Despite its advantages, MiniWorld’s graphics and physics are basic, which limits its use for highly detailed simulations such as those involving robotic arms.
Installation and Usage
To get started with MiniWorld, users need Python 3.7 or higher and dependencies like Gymnasium, NumPy, and Pyglet for 3D graphics. GPU support, while optional, can enhance performance. Installation is straightforward, either through PyPI with a simple command:
python3 -m pip install miniworld
Or by cloning the source from GitHub:
git clone https://github.com/Farama-Foundation/Miniworld.git
cd Miniworld
python3 -m pip install -e .
If any issues arise, a comprehensive troubleshooting guide is available to guide users through common problems.
Simulation Control and Testing
MiniWorld provides a user-friendly UI application for manual control of the simulation or a real-world robot.
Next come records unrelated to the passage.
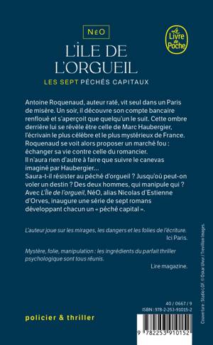 Avec L’Île de l’orgueil, NéO, alias Nicolas d’Estienne d’Orves, inaugure une série de sept romans développant chacun un « péché capital ».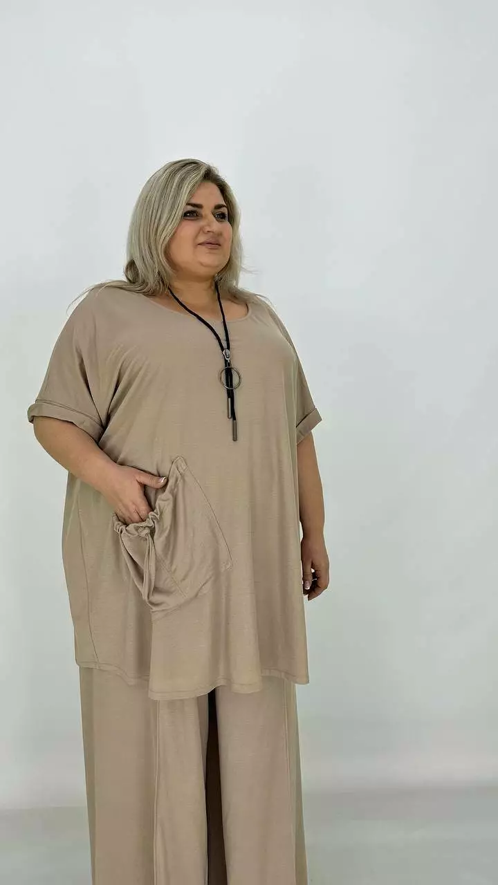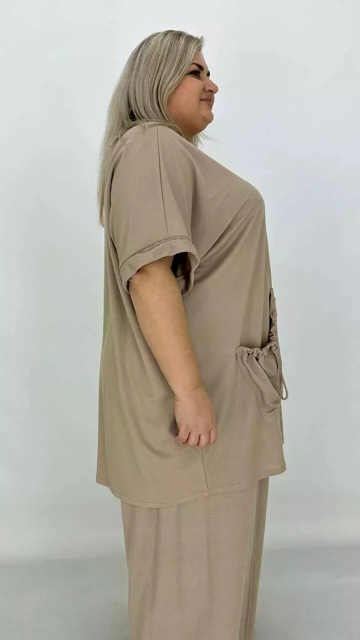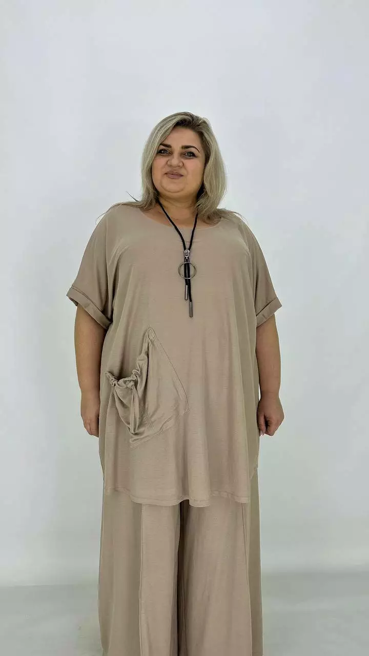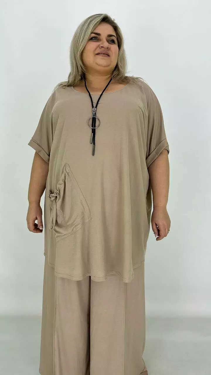 Туніка вільного силуету зі спущеним плечем-оверсайсом. Тканина дихає, гіпоалергенна. створює ефект прохолоди, приємна до тіла, мнеться, гладити з вивороту, прати 40 градусів у ручному режимі.
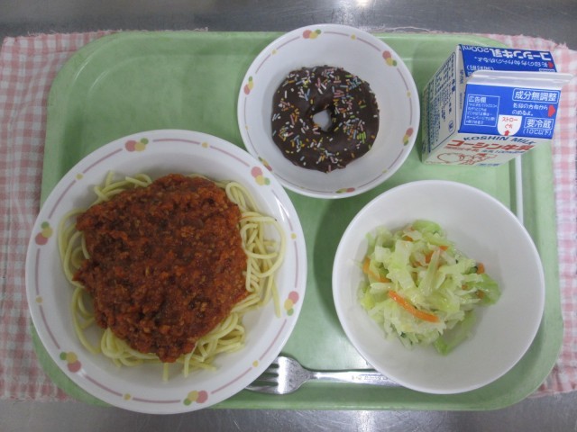 スパゲティミートソース、グリーンサラダ、やきドーナッツ、ぎゅうにゅう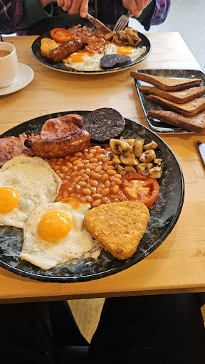 First time here today. Had the big English breakfast. It was faultless. Excellent quality, good portions, not oily, hot toast and hot plates. Added tea ( proper pot) and coffee and black pudding.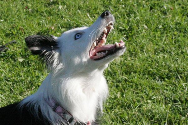 – Gullehjärtat gjorde jättefin apportering, svish ut, snyggt grepp, pang bomm in——-och FÖRBI mig, ner i lekposition och jag räddade nollan med ett lite fotkommando. Jag höll på dö av skratt. så har hon aldrig gjort men jag gjorde misstaget att berömma henne ordentligt efter en kanonfin ruta…..då såg hon apporten som belöning;-)….men hon var jävligt söt!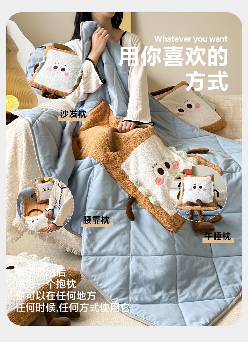 蕊絲坊家紡新款卡通立體多功能抱枕被

By using the manual_control.py
script, users can easily navigate different environments and view real-time camera feeds. Additional scripts are also available to conduct automated tests and gather performance metrics, ensuring efficient and effective simulation evaluations.
Special Features for Cluster and Online Environments
When running simulations in environments like clusters or Google Colab, MiniWorld supports offscreen rendering. Adjustments, such as setting PYOPENGL_PLATFORM
to egl
or using xvfb
, ensure smooth operation in these contexts.
Publications and Research
MiniWorld has been featured in numerous research publications, underscoring its utility in advancing reinforcement learning and robotics. Studies have explored various aspects such as exploration, offline reinforcement learning, goal-conditioned transfer, and more, highlighting MiniWorld’s versatility in facilitating cutting-edge research.
In summary, MiniWorld represents a balanced fusion of simplicity, flexibility, and performance, making it a valuable resource for researchers and students delving into reinforcement learning and robotics.